A day or so later,—and again his freedom to go as he pleased upon the roads may be taken as a mark of increasing social disorganisation and police embarrassment—he wandered out into the open country.
He speaks of the roads of that plutocratic age as being "fenced with barbed wire against unpropertied people," of the high-walled gardens and trespass warnings that kept him to the dusty narrowness of the public ways. In the air, happy rich people were flying, heedless of the misfortunes about them, as he himself had been flying two years ago, and along the road swept the new traffic, light and swift and wonderful. One was rarely out of earshot of its whistles and gongs and siren cries even in the field paths or over the open downs. The officials of the labour exchanges were everywhere overworked and infuriated, the casual wards were so crowded that the surplus wanderers slept in ranks under sheds or in the open air, and since giving to wayfarers had been made a punishable offence there was no longer friendship or help for a man from the rare foot passenger or the wayside cottage. . . .

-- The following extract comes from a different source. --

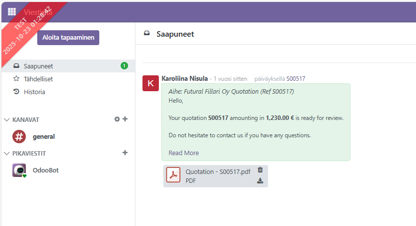 Viestit, kanavat ja suorat keskustelut ovat saatavilla myös muista moduuleista – esimerkiksi myyntitilauksesta, projektista, CRM-kanavasta.Viestejä syntyy sekä järjestelmästä että muilta käyttäjiltä.

"I wasn't angry," said Barnet. "I saw an immense selfishness, a monstrous disregard for anything but pleasure and possession in all those people above us, but I saw how inevitable that was, how certainly if the richest had changed places with the poorest, that things would have been the same. What else can happen when men use science and every new thing that science gives, and all their available intelligence and energy to manufacture wealth and appliances, and leave government and education to the rustling traditions of hundreds of years ago? Those traditions come from the Dark Ages when there was really not enough for every one, when life was a fierce struggle that might be masked but could not be escaped. Of course this famine grabbing, this fierce dispossession of others, must follow from such a disharmony between material and training. Of course the rich were vulgar and the poor grew savage and every added power that came to men made the rich richer and the poor less necessary and less free. The men I met in the casual wards and the relief offices were all smouldering for revolt, talking of justice and injustice and revenge. I saw no hope in that talk, nor in anything but patience. . . ."
But he did not mean a passive patience. He meant that the method of social reconstruction was still a riddle, that no effectual rearrangement was possible until this riddle in all its tangled aspects was solved. "I tried to talk to those discontented men," he wrote, "but it was hard for them to see things as I saw them. When I talked of patience and the larger scheme, they answered, 'But then we shall all be dead'—and I could not make them see, what is so simple to my own mind, that that did not affect the question. Men who think in lifetimes are of no use to statesmanship."
He does not seem to have seen a newspaper during those wanderings, and a chance sight of the transparency of a kiosk in the market-place at Bishop's Stortford announcing a "Grave International Situation" did not excite him very much. There had been so many grave international situations in recent years.
This time it was talk of the Central European powers suddenly attacking the Slav confederacy, with France and England going to the help of the Slavs.
But the next night he found a tolerable meal awaiting the vagrants in the casual ward, and learnt from the workhouse master that all serviceable trained men were to be sent back on the morrow to their mobilisation centres. The country was on the eve of war. He was to go back through London to Surrey. His first feeling, he records, was one of extreme relief that his days of "hopeless battering at the underside of civilisation" were at an end. Here was something definite to do, something definitely provided for. But his relief was greatly modified when he found that the mobilisation arrangements had been made so hastily and carelessly that for nearly thirty-six hours at the improvised depôt at Epsom he got nothing either to eat or to drink but a cup of cold water. The depôt was absolutely unprovisioned, and no one was free to leave it.